いつものように、応接室で風紀委員の仕事をこなすだけだ。


**5月5日**


応接室へと続く廊下を走る足音が聞こえてきたのは、4限目が終わるチャイムが鳴って、すぐのことだった。

廊下を走るのは校則に判している。
僕はその人のことを咬み殺そうと応接室のドアへとに向かった。



「どぁぁあ!!!!」

そこでばったり会ったのは
「むっ!!ヒバリではないかっ!!」

笹川了平。

「君…廊下を走るのは校則違反だよ。わかってるでしょ?」

トンファーを持ち出し、了平につきたてた。

「おぉ、そうだった!!急いでたものだからすっかり忘れていた!!すまん!!」

そう言いながら、応接室にズカズカと入ってきて、テーブルの上にある箱を置いた。


「ヒバリに極限いいものを持って来たぞ!!」




何かと思えば……







「…………何、これ」

「む!!見ればわかるでわないか!!ショートケーキだっ!!極限バカだなヒバリは!!」

姿形のなくなったケーキ。



「……咬み殺すよ??」


僕は風紀委員の仕事で忙しいんだ。君になんかかまっている暇はない。

さっさと咬み殺そう。


僕はトンファーを握り締め、了平に振りかかる。

「お、そうだ。

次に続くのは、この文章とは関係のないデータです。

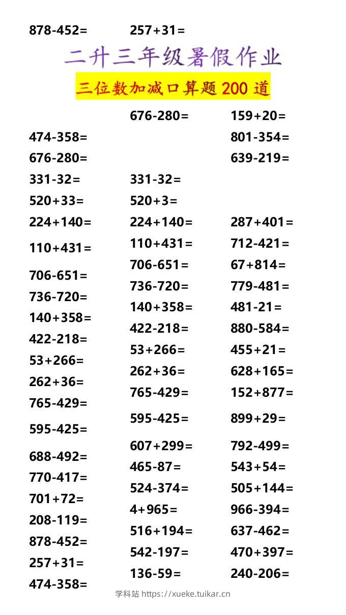 二升三年级暑假作业三位数加减口算题200道-三上数学admin7月5日发布关注私信0418二升三年级暑假作业三位数加减口算题200道-三上数学此内容为付费资源,请付费后查看会员专属资源黄金会员免费您暂无购买权限,请先开通会员开通会员格式docx页数4 页大小13.68 KB付费资源 ——预览已结束,还剩2页未读——开通会员后可免费下载高清完整文档 © 版权声明文章版权归作者所有,未经允许请勿转载。THE END小学数学 喜欢就支持一下吧点赞8 分享QQ空间微博QQ好友海报分享复制链接收藏

ひとつ忘れていたことがあった!!」


「誕生日!!極限おめでとう!!」


思わず目を見開く。
トンファーも手からこぼれ落ちた。


「う〜む…走って来たからな、形は崩れてしまったが…だが、味は変わらん!!!」


用意してきたらしい紙皿によそる。


グシャッ……


あ、、……わぉ…

余計にケーキに見えなくなってきた。



「さぁ!!食わんかヒバリ!!」

ずいっと差し出されたケーキ。





「………。」



…受け取るしかないじゃないか。


「食べ物は粗末にしちゃ駄目だからね。しようがないから食べてあげるよ」




一口、

口に入れれば広がる甘い味。





満足そうな顔した君が、照れた笑顔を作ったら、



僕も少しだけ笑えたよ。




fin.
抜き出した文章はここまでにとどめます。